Indonesia – Kepala Badan Penanggulangan Bencana Kabupaten Pacitan, Jawa Timur, Erwin Andriatmoko meminta masyarakat tidak khawatir apalagi panik dengan ditemukannya gunung bawah laut di perairan setempat.
“Gunung itu memang ada, tapi tidak ada kaitannya dengan aktivitas seismik yang terjadi di wilayah Pacitan selama ini. Jadi masyarakat tidak perlu khawatir,” kata Erwin di Pacitan, Senin.
Erwin menegaskan, menyusul viralnya berita penemuan gunung laut di kedalaman 3-4 kilometer di bawah permukaan laut, 200 kilometer barat daya Kota Pacitan.
Tegasnya, gunung yang diidentifikasi oleh Badan Informasi Geospasial (BIG) itu memiliki ketinggian sekitar 2.300 meter dari dasar laut sudah ada sejak lama, namun keberadaannya baru diketahui keberadaannya.
“Dulu belum pernah ada gunung yang muncul dalam sejarah, apalagi gunung sebesar itu secara tiba-tiba. Dalam artian proses gempa. Artinya gunung itu sudah lama ada, baru dideskripsikan atau baru ditemukan,” ujarnya. dijelaskan.
Dengan logika dasar itu, Erwin memastikan tidak ada kaitan antara keberadaan gunung laut dengan aktivitas seismik yang sering terjadi dan dirasakan di wilayah Pacitan.
Erwin mengaku juga sudah berkoordinasi dengan pejabat di BIG yang khusus menangani masalah gunung.
Dan dari perbincangan melalui telepon saat itu, Erwin berkesimpulan bahwa terbentuknya pegunungan laut di sebelah barat daya Kabupaten Pacitan ini terbentuk akibat tumbukan dua lempeng bumi yang terjadi jutaan tahun yang lalu.
“Gunung itu terbentuk karena adanya aktivitas pelipatan lempeng. Sama seperti Gunung Jaya Wijaya, Gunung Everest.
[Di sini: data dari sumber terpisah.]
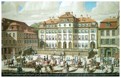 [[Bild: Metzarchiv Opernplatz Waitz.jpg|thumb|510px|right|Opernplatz mit Palais Waitz von Eschen 1842]]

Kalau dilihat sejarahnya, Everest dulunya lautan, sekarang menjadi gunung tertinggi di dunia. Jadi semuanya ada. sama, itu terbentuk karena proses pelipatan alami yang terjadi jutaan tahun, jutaan tahun yang lalu, lalu terbentuklah gunung seperti itu,” jelasnya.
Terkait ancaman dampak keberadaan gunung bawah laut di perairan Pacitan, Erwin mengatakan hal itu menjadi persoalan tersendiri. Pasalnya, hingga saat ini belum ada teknologi yang bisa memantau aktivitas gunung berapi lebih dari 500 meter di bawah permukaan laut.
“Itu kesulitan tertentu. Jadi tidak bisa memantau aktivitas gunung. (Selama ini) bisa seperti gunung di Sulut, itu pun tidak bisa maksimal. Karena alat tidak bisa bekerja sempurna. Hanya di Sulawesi Utara merupakan aktivitas (bawah laut) gunung api yang dapat diidentifikasi dari peningkatan buih di sekitar gunung dan fenomena kematian ikan secara massal,” lanjutnya.
Untuk itu, Erwin kembali mengimbau agar warga tidak terlalu cemas atau panik. Sebab menurutnya, dalam sejarah gunung berapi di Indonesia dan dunia, belum pernah ada gunung api (aktivitas vulkanik) yang bisa menimbulkan gempa yang memicu tsunami kecuali di Tonga, sekitar Kepulauan Fiji.
“Gunung Tonga aktif karena gunungnya besar sehingga menimbulkan gempa besar (dan memicu tsunami),” katanya.
Erwin menambahkan, yang perlu diwaspadai saat ini adalah potensi aktivitas tektonik dari lempeng-lempeng bumi yang membentuk pegunungan.
“Jadi yang perlu kita perhatikan bukan aktivitas vulkanik dari gunung tersebut, kalau memang gunung berapi, hanya saja sampai saat ini belum bisa dipastikan apakah itu gunung api atau bukan. Kita harus lebih mewaspadai potensi aktivitas lempeng di pantai selatan, karena itu saja sudah bisa menimbulkan tsunami,” katanya.